How to complete this task:
From the listing that follows, report the number of lines with the word "Zorde" in them, and no other output.

Data excerpts:
┌──

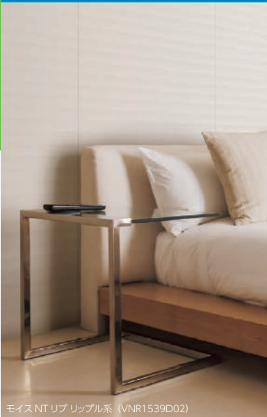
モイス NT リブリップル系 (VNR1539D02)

└──
┌──

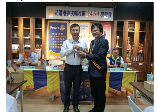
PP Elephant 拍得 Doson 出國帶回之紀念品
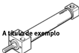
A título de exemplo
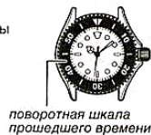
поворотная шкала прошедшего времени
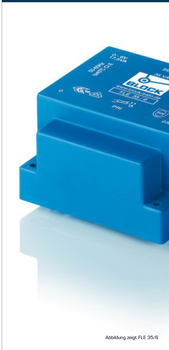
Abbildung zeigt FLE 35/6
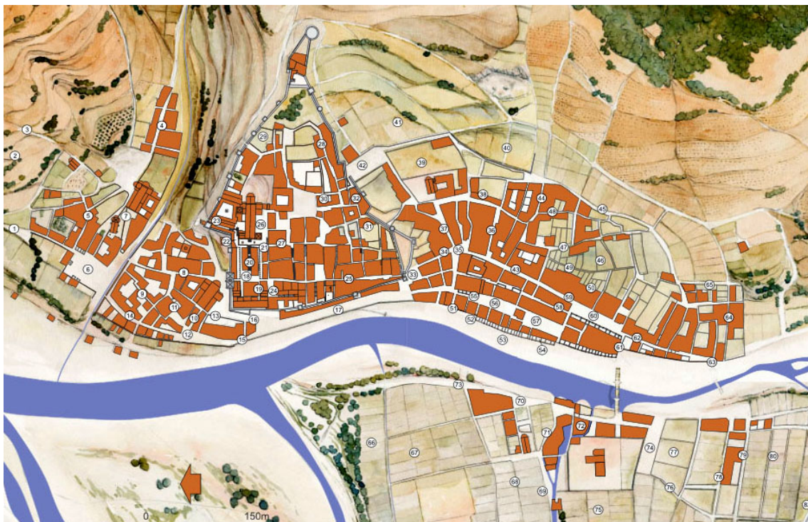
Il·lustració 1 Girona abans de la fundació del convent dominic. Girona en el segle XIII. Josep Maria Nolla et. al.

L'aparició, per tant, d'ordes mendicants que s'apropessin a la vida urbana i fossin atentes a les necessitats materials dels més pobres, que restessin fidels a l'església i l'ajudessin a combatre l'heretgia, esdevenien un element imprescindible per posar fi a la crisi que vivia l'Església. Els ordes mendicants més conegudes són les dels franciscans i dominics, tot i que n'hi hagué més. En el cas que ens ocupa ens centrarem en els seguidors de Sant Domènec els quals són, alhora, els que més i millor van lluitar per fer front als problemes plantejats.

└──
┌──

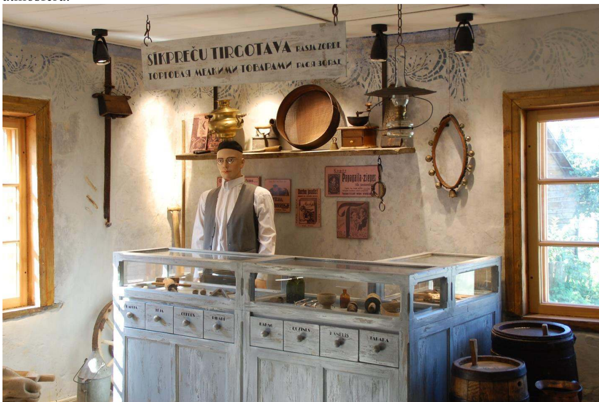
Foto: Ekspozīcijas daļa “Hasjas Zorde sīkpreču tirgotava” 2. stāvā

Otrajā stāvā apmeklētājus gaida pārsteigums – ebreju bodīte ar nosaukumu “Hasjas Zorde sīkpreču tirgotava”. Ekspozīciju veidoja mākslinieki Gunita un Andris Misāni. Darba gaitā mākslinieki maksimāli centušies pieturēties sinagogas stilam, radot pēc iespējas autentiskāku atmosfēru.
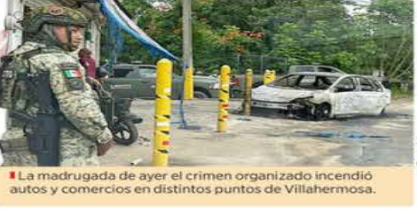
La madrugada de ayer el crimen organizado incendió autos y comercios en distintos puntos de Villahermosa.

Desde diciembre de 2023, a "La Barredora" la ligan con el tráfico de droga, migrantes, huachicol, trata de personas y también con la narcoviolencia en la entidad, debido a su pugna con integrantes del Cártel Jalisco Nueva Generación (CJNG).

└──

Task output:
2